In 2021, the California End of Life Option Act (EOLOA) was updated with the passage of SB 380 (Blakespear), extending the sunset provision for this Act to January 1, 2031 among other revisions. The act requires healthcare facilities (including Acute Hospitals, SNFs, Hospices, and medical offices) to post a publicly visible notice on their websites and offices stating their policy with respect to the EOLOA, including if they and their employees are prohibited from participating in this Act. All of our readers who work in skilled nursing facilities should take time to ensure that the EOLOA policy is posted on the facility’s publicly-facing website, as required by Health & Safety Code (HSC) 443.15.
The option of Medical Aid in Dying is only available to a mentally competent adult who has a confirmed terminal illness with less than 6 months to live. The time from the first oral request to the second oral request was reduced to 2 days, and the clock starts ticking at the time of the first request, even if the provider to whom the first request was made does not participate. All providers must document this request in their patient care notes, even if they do not participate in the Act. In addition to the two oral requests, a valid written request must be signed, dated, and witnessed by two witnesses, of which only one can be either related by blood, marriage, domestic partnership, someone entitled to part of their estate, or by a person related to the place of residence or a provider of medical treatment.
In entities licensed by the CA CCL (Community Care and Licensing) division, PIN 23-09-ASC (https://www.aadm.org/wp-content/uploads/2024/12/Facility-Rules-CA-2023.pdf )updates expectations that differ from the above settings. Entities are encouraged but not mandated to inform residents and prospective residents if they decide not to participate in EOLCA. However, they cannot evict or forbid a qualified resident from participating, since this is a Resident’s Right. They do not have to participate in storing, preparing the medication, or witnessing its ingestion, but may store the medication centrally at their facility or permit the resident to store it in a locked receptacle in their room that prevents access to their medication by other people. The resident is not required to inform the licensee or facility staff of their intent to exercise this right. However, qualified residents should be encouraged to develop a collaborative action plan with the facility. Prescribing physicians are required to counsel residents to:
- Have another person present when they ingest the aid-in-dying “cocktail.”
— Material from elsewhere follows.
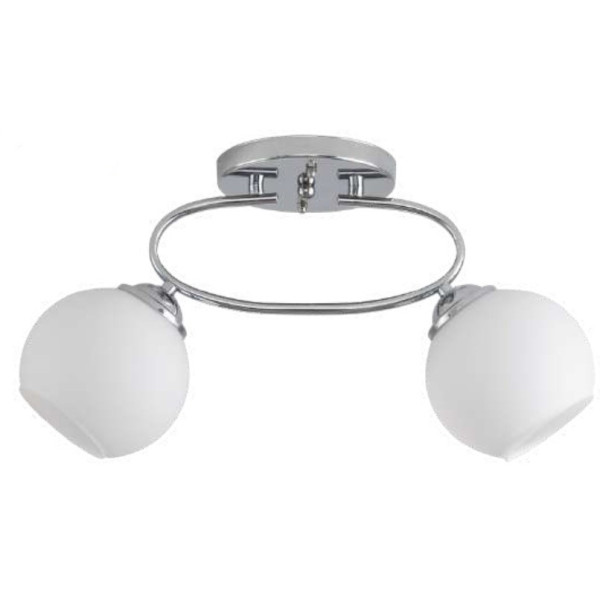 Luster plafonjera 2xE27 VIBIA-2 hrom. Brend: Megga. Materijal: Metal + staklo. Dužina lustera: 450 mm. Visina lustera: 300 mm. Grlo: 2 x E27. Snaga: 2 x max.40W. Radni napon: 220-240V/50-60Hz. Boja tela: Hrom - efekat ogledala. Boja stakla: Mat bela. Pakovano bez sijalice. IP zaštita: IP 20. Način montaže: Na plafon.

- Not ingest this “cocktail” in a public place (healthcare facilities are not considered public places).
- Notify their next of kin of their plan.
- Enroll in a hospice that participates or accommodates EOLCA.
- Maintain the “cocktail ” in a safe and secure location.
As the Medical Director of a hospice focused on the RCFE setting, I and others were alarmed by a recent case report of unexpected chaos at the time an assisted living community resident chose to ingest their “cocktail,” which generally consists of extremely high doses of morphine, diazepam, phenobarbital, digoxin, and amitriptyline. On the morning of the planned evening ingestion, the patient’s hospice informed the resident they did not participate, disenrolled the patient, and informed the facility administrator of the patient’s imminent plan. This administrator then contacted the prescribing physician and demanded that the physician release their medical records (a HIPAA violation) for review, which the family and patient then authorized. About an hour later, the Administrator informed the prescribing physician and resident that this was suicide, could not take place at their facility where they had resided for 5 years, and added that the drug prescription wasn’t valid since the EOLOA process takes 2 months and requires two doctors to be at the bedside at the time of ingestion (obviously the administrator was shockingly misinformed on multiple counts). This patient then moved to another facility where she did ingest the “cocktail.”
This sad situation is filled with violations of Resident Rights at a very vulnerable time of life and should not have happened. I do not know whether this hospice or RCFE has incurred regulatory or civil penalties, but in my opinion, a plaintiff’s attorney could make substantial claims against both entities.
Could this happen in your hospice or RCFE?
Now is the time to review your EOLOA policies and procedures to ensure they are up-to-date and support the patient and facility through disenrollment (if non-participating) and aftercare. Even though RCFEs, as non-healthcare facilities, are not required to disclose that they are non-participants, disclosure in the initial contract could lead to policies that honor a qualified patient’s future decision, support the counsel of the prescribing physician, and then collaborate regarding future actions. It also might help a patient choose a facility that they feel confident would support them if they ever were facing this EOLOA decision. Remember, RCFEs must accommodate this request, according to the Department of Social Services. Eviction is not an option.